One other major takeaway I received from this podcast was that I learned Brett was not the only person that contacted potential borrows to discuss/negotiate terms. I used to do this as well and was crestfallen when Prosper removed the ability to communicate with borrowers. Lending Club did a similar thing when they removed the ability to ask the borrower custom questions – another feature sorely missed.

All of this has made me wonder if Prosper and/or Lending Club would consider offering the following feature: Would it be possible to work some type or arrangement with the platforms such that if you (or your business) is responsible for bringing a borrower to the platform, why not give this “lending recruiter” the ability to fund as much of the loan as possible and then any remaining balance of the loan could be funded by the other investors? In other words, list the loan to the “recruiter” first, and then after the recruiter investor takes a position, the balance of the loan (if any) can be listed on the platform in order to complete the funding.

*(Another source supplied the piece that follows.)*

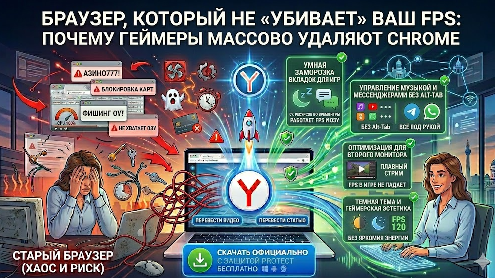 Представьте ситуацию: у вас напряженная «катка» в соревновательном шутере или важный рейд, от которого зависит успех всей команды. Вы полностью сосредоточены, как вдруг изображение начинает дергаться, игра фризит, а счетчик FPS предательски ползет вниз. Вы сворачиваете игру (молясь, чтобы она не вылетела), открываете Диспетчер задач и видите главного виновника. Ваш привычный браузер «съел» 4 гигабайта оперативной памяти просто потому, что на фоне висит пара вкладок с гайдами, интерактивной картой и включенной музыкой. Для геймера каждый кадр в секунду и каждый мегабайт ОЗУ на вес золота. Современные игры требуют максимум ресурсов компьютера, и делить их с прожорливым софтом непозволительно. Если ваш ПК задыхается во время игры, не спешите покупать новую видеокарту или плашки памяти. Для начала смените обозреватель. Мы рекомендуем бесплатно скачать оптимизированную версию Яндекс Браузера по официальной ссылке. Это программа, которая уважает ваши системные ресурсы. Главная проблема больш

Personally speaking, I would LOVE the ability to direct friends, family, customers, and anyone else I know in need of a loan to a recruiter system such as this as it would afford NUMEROUS benefits:

1. The recruiter would be able to test their own creditworthiness assumptions of the borrower against an established platform that would have full access to more credit related data.
2. The recruiter would have the protection of in-house and third party collections agencies should the borrower not pay on time.
3. The borrower would get the benefit of ensuring his/her loan would be fully funded instead of only receiving partial funds from reluctant or low resource friends/family.
4. The borrower would get the benefit of an improved credit score if paid in full and would not receive this benefit if borrowing the funds directly from friend/family.
5. The recruiter investor would have the assurance of knowing the actual person requesting the funds and would feel more comfortable in taking a larger position in the loan.
6. The recruiter investor would know that all the work to bring the borrower to the platform would not be in vain as the platform would give the recruiter investor first access to the loan before the rest of the market could fully fund it in seconds.

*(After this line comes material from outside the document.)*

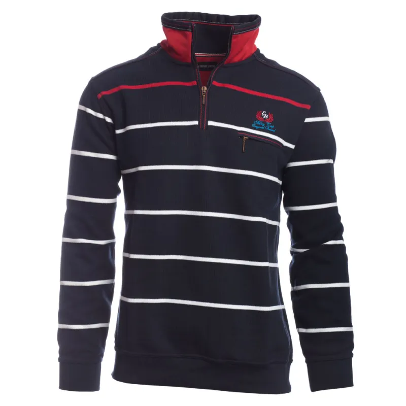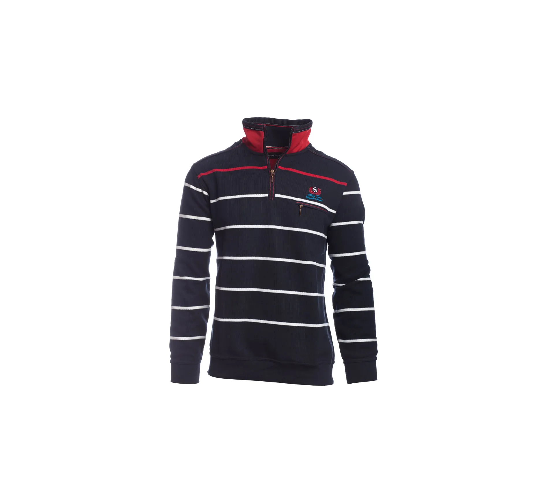 This striped half-zip sweatshirt offers the perfect balance between everyday comfort and refined casual style. Crafted from a soft yet durable knit, it features a brushed interior that provides exceptional warmth and a pleasant feel when worn. Its classic fit makes it easy to pair with any outfit while maintaining a polished appearance.

Knowing that LC and Prosper have bigger projects on their mind, I doubt they would add this feature anytime soon. BUT consider all of the small sized finance firms that could simply hand over their risk assessments to LC/Prosper by simply putting their own clients on the platforms, without worrying about the other platform investors taking the loan right out from under them if they are not fast enough to fund it. Plus this would increase the supply side (which is a huge problem) by having more people and businesses work to recruit more loans to the platforms.

If LC/Prosper would not be willing to take up this feature, I wonder if another firm or platform would???

Food for thought,
Chris

Reply

Peter Renton February 26, 2014 at 9:54 pm

Food for thought indeed. I would be very surprised if Lending Club or Prosper did something like this. While they need borrowers this would seem too disruptive to their existing systems.

What I think is this – at the industry matures there will be all kinds of opportunities for new ideas to be implemented. Just this week I received an email from an entrepreneur who is looking to build a friends and family p2p lending platform that would look something similar to what you describe. Now, I get emails from entrepreneurs almost every week these days and most I never hear from again. But my point is there are a lot people thinking deeply about this space and all sorts of new ideas will be implemented in coming years.

It is going to be fun seeing which ideas get traction.